Pracoholizm - szał pracy
2005-01-17 02:49
Przeczytaj także: Dzień Pracoholika, czyli Polaka dzień jak co dzień?
Dla pracoholika praca jest najwyższą i zwykle jedyną wartością. Jego myśli koncentrują się zwykle na niezałatwionych do końca sprawach służbowych, nierozstrzygniętych konfliktach, na planach na następne dni w pracy. Jest on złym pracownikiem (typ A - niecierpliwy, zabiegany, lubiący rywalizację, za wszelką cenę dążący do sukcesu, usiłujący sprawować kontrolę nad otoczeniem), zatraca poczucie samorozwoju, przestaje mieć marzenia, staje się mniej kreatywny. W jego głowie ciągle pojawiają się powinności: "muszę", "powinienem", "nie mogę", "koniecznie", "nie mam czasu", "koniecznie trzeba to zrobić". Nie dba o siebie, jest wydajny na krótką metę. Jest też najczęściej kiepskim partnerem, często też rodzicem. To ktoś słabszy psychicznie, kto pracą zapełnia pustkę, karmi nie tyle "miłość własną", ile podstawowe wątpliwości dotyczące samego siebie gonią go, aby wciąż się sprawdzał podejmując się coraz to nowych zadań. Typ B to pracownik, który nie wypala się tak szybko jak typ A, pracuje z większym umiarem, zachowuje zdrowe proporcje między pracą a życiem osobistym. W perspektywie pracoholicy są gorszymi pracownikami i przynoszą mniej korzyści przedsiębiorstwu, firmie.
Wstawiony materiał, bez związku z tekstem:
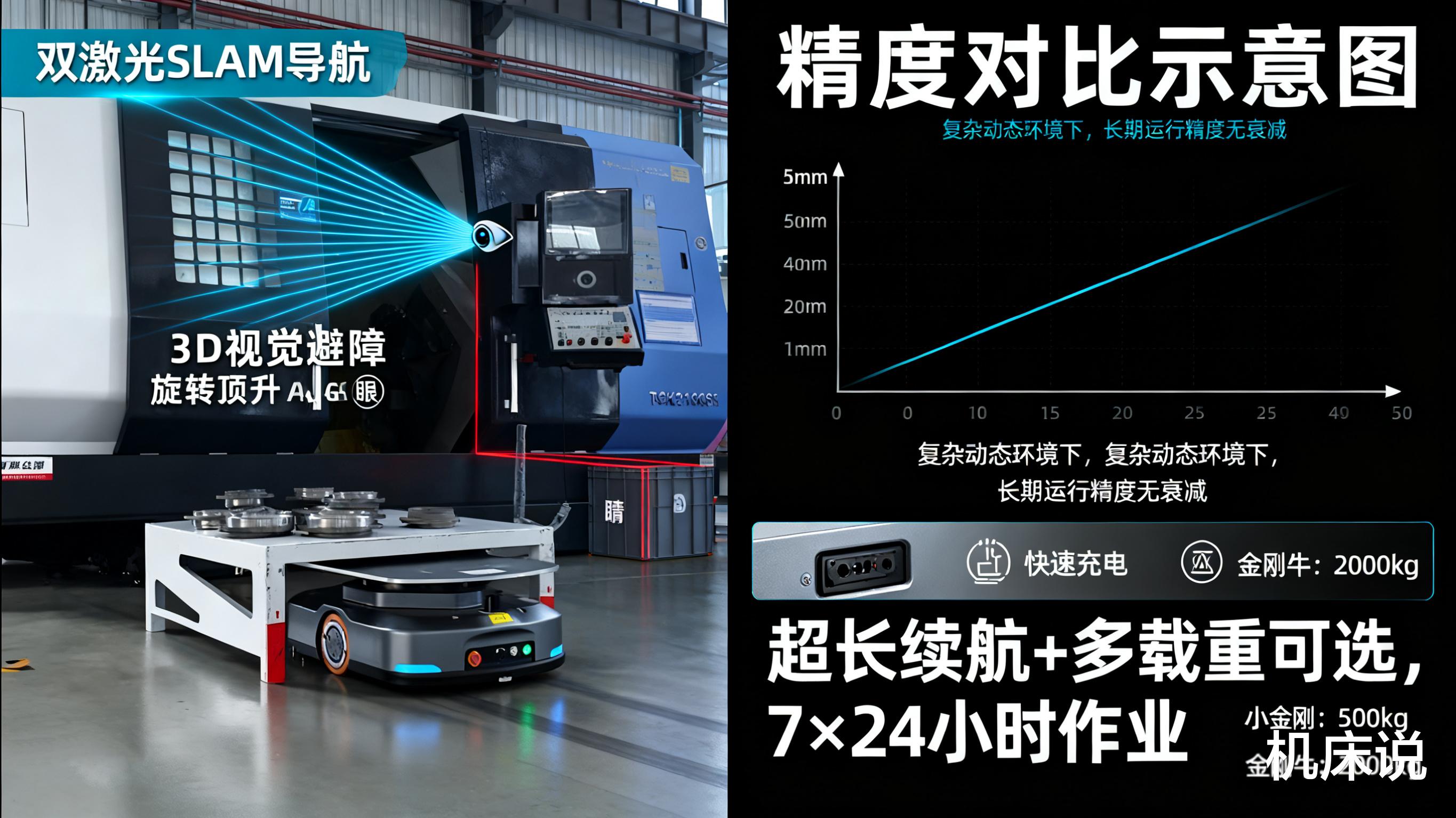 精度·可靠·安全:5mm高精度定位:采用双激光SLAM融合导航及3D视觉避障技术,即便在复杂动态车间环境中也能精准运行,规避偏位、碰撞风险。超长续航与强悍负载:克服普通AGV续航短板,轻松胜任高频率搬运;不同型号(如“小金刚”、“金刚牛”)满足从轻型物料到重型货物的多样化载重需求。7×24小时无间断作业:稳定可靠,长期使用精度无衰减,恶劣车间环境轻松驾驭。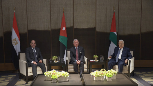 نشامى الاخباري ـ ودع جلالة الملك عبدالله الثاني، اليوم الأربعاء، الرئيس المصري عبدالفتاح السيسي والرئيس الفلسطيني محمود عباس لدى مغادرتهما مطار الملك الحسين الدولي بالعقبة، بعد أن شاركا في القمة الثلاثية الأردنية المصرية الفلسطينية التي عقدت اليوم، لبحث التطورات الخطيرة في غزة والمستجدات بالضفة الغربية.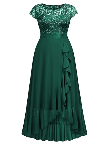 HOT ! Miusol Women's Plus Size Sequin Floral Lace Elegant Ruffle Formal Evening Party Maxi Dress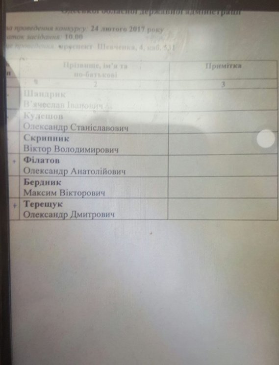 Як повідомляє Depo.Одеса з посиланням на "Южный курьер", у списку із шести чоловік, які беруть участь в конкурсі на вакансію першого заступника, представлені: В'ячеслав Шандрик - колишній "будівельний" віце-мер Одеси, також серед кандидатів Олександр Кулешов, Віктор Скрипник, Олександр Філатов, Максим Бердник і Олександр Терещук.Довідкова інформація Good morning Donbas: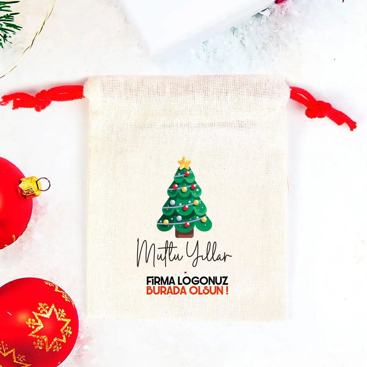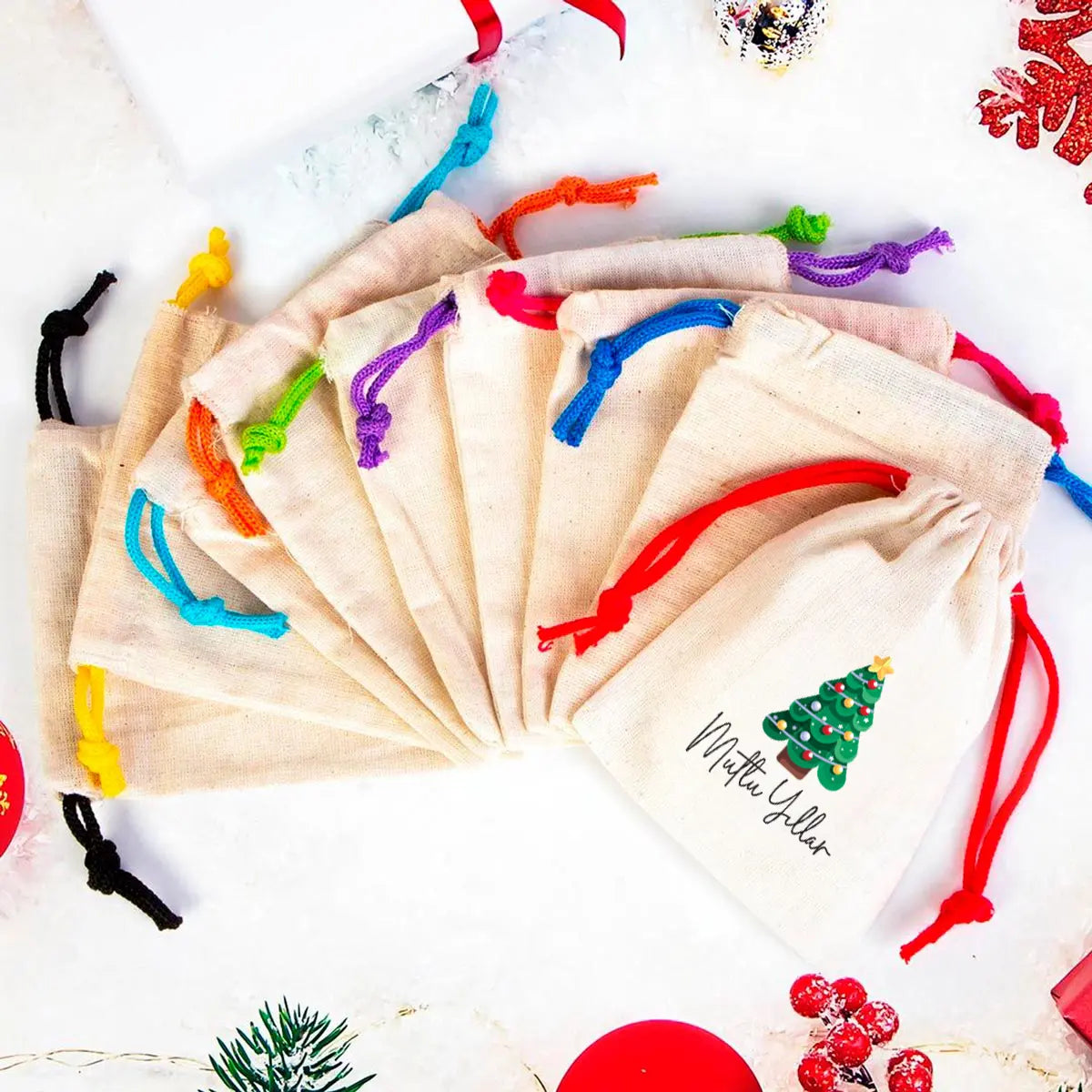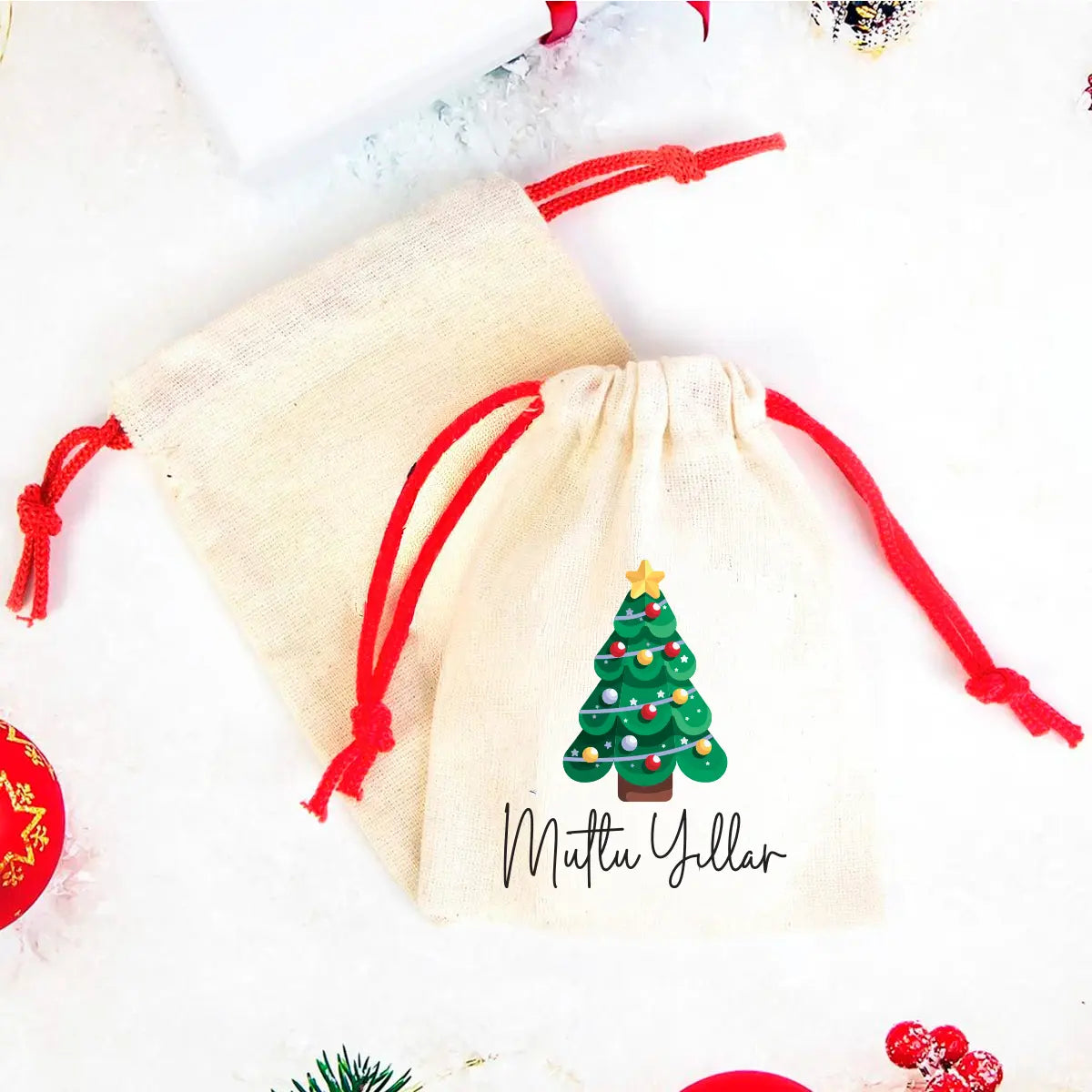 Yılbaşı Ağacı Çam Baskılı Bez Kese Modeli - Renkli İp (Özelleştirilebilir)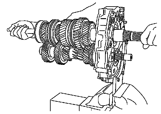 7.Carefully tap mainshaft with a plastic hammer and then remove mainshaft assembly, main drive gear assembly, and counter shaft assembly combined in one unit from adapter plate.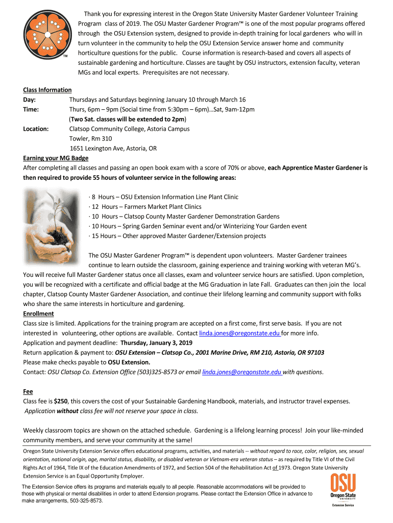 Thank you for expressing interest in the Oregon State University Master Gardener Volunteer Training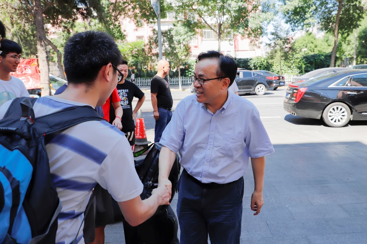在润杰公寓西门,张来斌与毕业生及家长亲切交谈,详细询问了毕业生的行程安排、就业状况、人生规划等,并与毕业生一一握手告别、合影留念,祝愿他们一路平安,希望他们常回母校看看。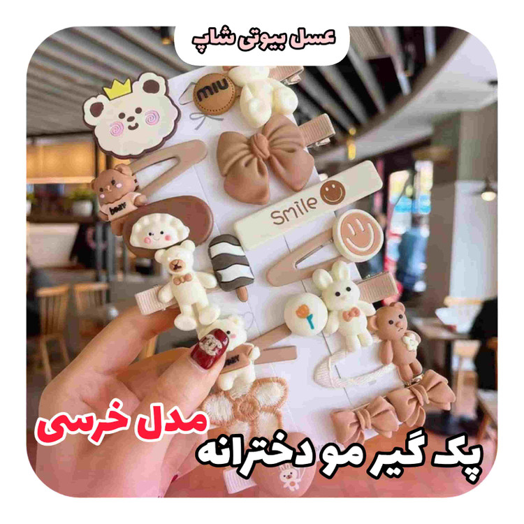 تعداد ۱۴ عدد گیر مو طرح های خشکل و فانتزی و دخترووونه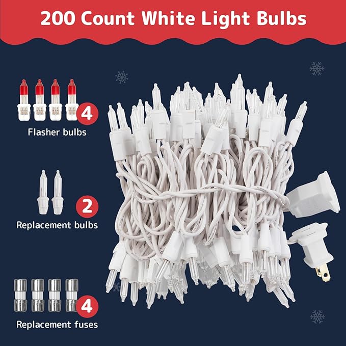 - Complete Holiday Light Set: This 40 ft strand includes 200 white christmas lights with 4 flasher bulbs, 2 replacements, and 4 fuses; provides reliable festive lighting for trees, garlands, and décor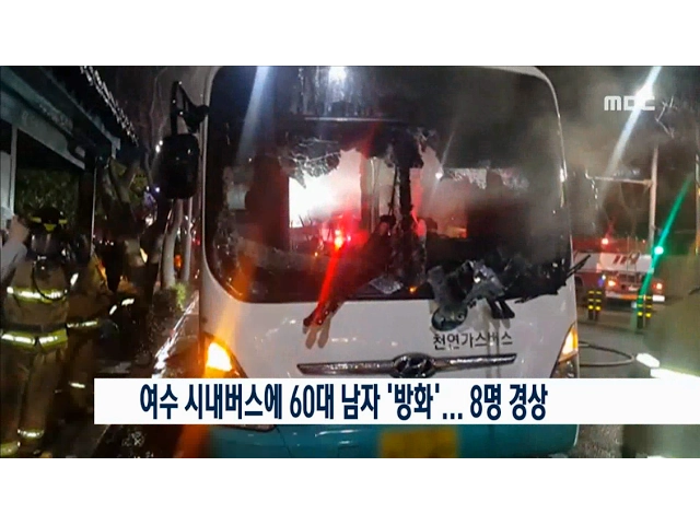 오늘 오후 6시 30분 쯤 여수시청 앞 도로에서승객을 태우기 위해 정차한 시내버스에 신원을 알 수 없는 60대 남자가 승차해 휘발유를 뿌린 뒤 불을 질러 차량이 전소됐습니다.버스가 화염에 휩싸이자 승객들은대부분 긴급히 하차해 대피했지만 8명이 연기 흡입 등으로 인근 병원으로 옮겨져 치료를 받았습니다. 경찰은 방...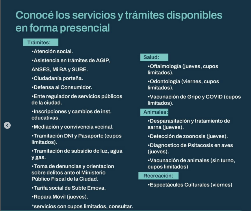 También se podrán realizar trámites, entre los que se destacan: Tramitación de DNI y pasaporte; Tarifa social de subte, tramitación de subsidios para luz y gas, y Ciudadanía porteña, entre otros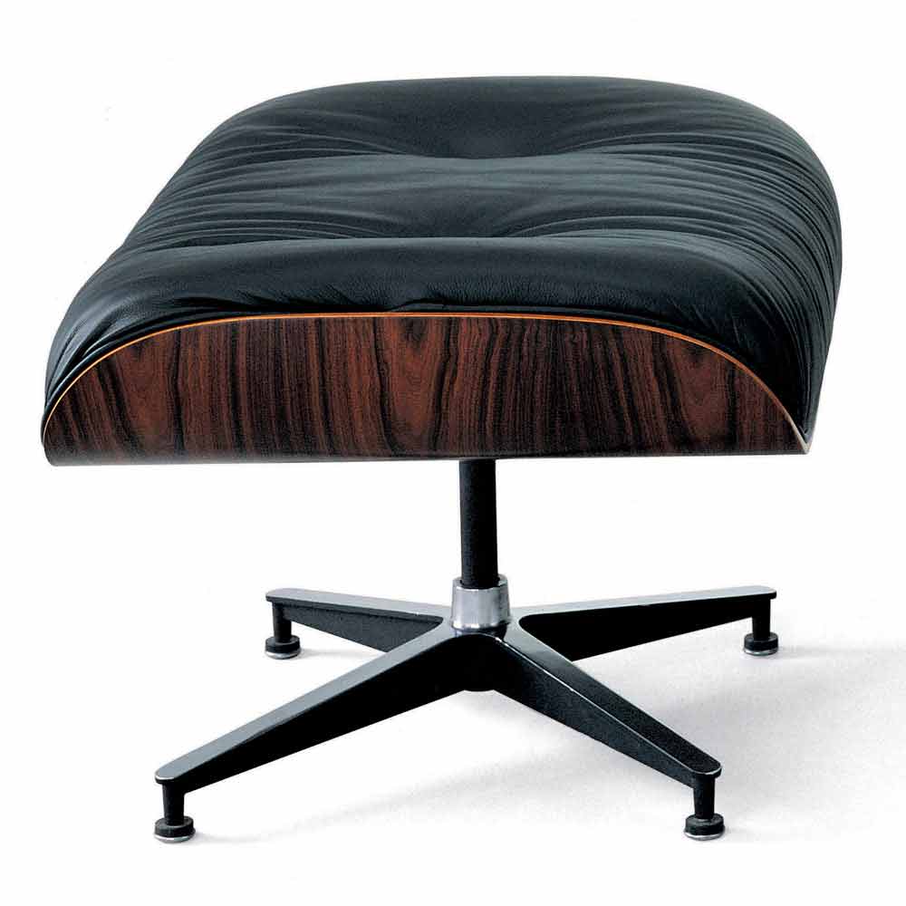 Swivel armchair entirely made in Italy with aluminium base, rosewood shell, polyurethane foam and polyester fibre cushions and leather upholstery complete with footrest pouf matching the armchair. An idea of furniture that blends in itself the elegance of the chosen materials and the functionality of its conformations, offering a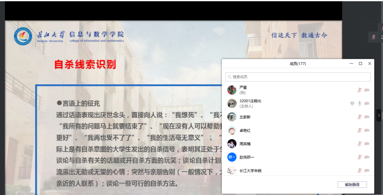 钟老师主要从心理健康重要性、心理危机的识别、员工骨干如何干预、公司心理健康中心这四方面展开。钟老师老师重点讲解了各位班委如何识别心理危机。通过平时行为的转变、言语的异常、身体的异常、心理的异常等这些危险信号等去识别同学的心理状态,特别在心理危机高发的时间段通过事件如何有效识别心理危机。钟老师在讲解怎样有效干预时,他重点讲解了如何去帮助心理危机员工以及需要注意避免的雷区,并且为同学们讲解了公司心理干预网络体系。讲座尾声,钟老师老师详细介绍了公司心理健康中心的团队及设施,遇到问题时如何求助

Pracoholizm, jak każdy inny nałóg (alkoholizm, narkomania, uzależnienie od internetu), pełni funkcję zastępczą - w ujęciu psychoanalizy traktowany jest jako sublimacja popędu seksualnego, jest formą ucieczki od bliskości. Rzucanie się w wir pracy pozwala zapomnieć o kondycji bliskiego związku, o poczuciu osamotnienia, braku czegoś lub kogoś, ale już później trudno ten proces zatrzymać i dokonać autorefleksji nad jakością własnej egzystencji. Konsekwencje takiego wyniszczającego trybu życia są zastraszające.
Objawy pracoholizmu poprzedzają sygnały ostrzegawcze. Wśród nich na początku pojawia się częste niedotrzymywanie obietnic wobec najbliższych i przyjaciół, utrata kontroli nad czasem (analogia do "urwanego filmu" przytrafiającego się alkoholikom).
Uzależnione od pracy osoby cechuje:
- potrzebują i stale poszukują aprobaty i potwierdzenia swojej wartości, szczególnie w obszarze wykonywanej pracy,
- są nadmiernie odpowiedzialne albo - gdy obciążenie przekracza ich siły - zachowują się zupełnie nieodpowiedzialnie,
- poprzez swój nałogowy sposób wykonywania pracy stają się wyobcowane z otoczenia; czują się nieco "inne", w swoim subiektywnym odczuciu - lepsze od innych,
- organizują swoje życie i pracę tak, aby stale mieć kontrolę nad sytuacją,
- mają trudności z ukończeniem rozpoczętego projektu, gdyż w ramach pracy nad nim podejmują dodatkowe zadania, mające go udoskonalić,
- brakuje im wyczucia równowagi między pracą a resztą życia,
- oczekują natychmiastowej gratyfikacji, wskutek czego często wykonują pracę dla samej pracy,
- często planują działanie z myślą o efektach końcowych, nie zwracając uwagi na szczegóły, których zaniedbywanie negatywnie wpływa na efekt pracy,
- nieświadomie poszukują napięć i kryzysowych sytuacji, w których cierpią ("Żyję w napięciu, więc jestem."),
- otaczają się ludźmi, którzy podzielają ich nierealistyczne standardy pracy. Unikają konfrontacji z innym sposobem życia i myślenia, przez deprecjonowanie ludzi o odmiennych poglądach,
- przez nałogowy sposób pracy doprowadzają do zagrożenia jej jakości i całego swojego życia,
- mają krytyczny stosunek do innych i oczekują tego samego z ich strony w odniesieniu do siebie,
- stale "ścigają się z czasem"; spóźniają się, nie umieją wybierać rzeczy najważniejszych,
- kłamią - choć nie muszą - zwłaszcza, gdy chodzi o ilość i czas wykonywanej pracy; z góry bowiem wiedzą, że nie dotrzymają słowa,
- bezlitośnie osądzają siebie, współpracowników i swoich najbliższych,
- z trudnością - jeśli w ogóle - uzyskują radość, spokój i rozluźnienie,
- traktują siebie samych śmiertelnie poważnie,
- mają trudności w utrzymaniu bliskich przyjaźni i intymnych związków,
- wycofują się z bliskich emocjonalnych i erotycznych związków partnerskich na rzecz podniecenia pracą lub przejściowej fascynacji erotycznej kimś z miejsca pracy. Fascynacja ta, jeśli staje się codzienną bliskością, mija w obawie przed tą właśnie bliskością, która dla wypalonego emocjonalnie człowieka jest ciężarem trudnym do uniesienia.[1]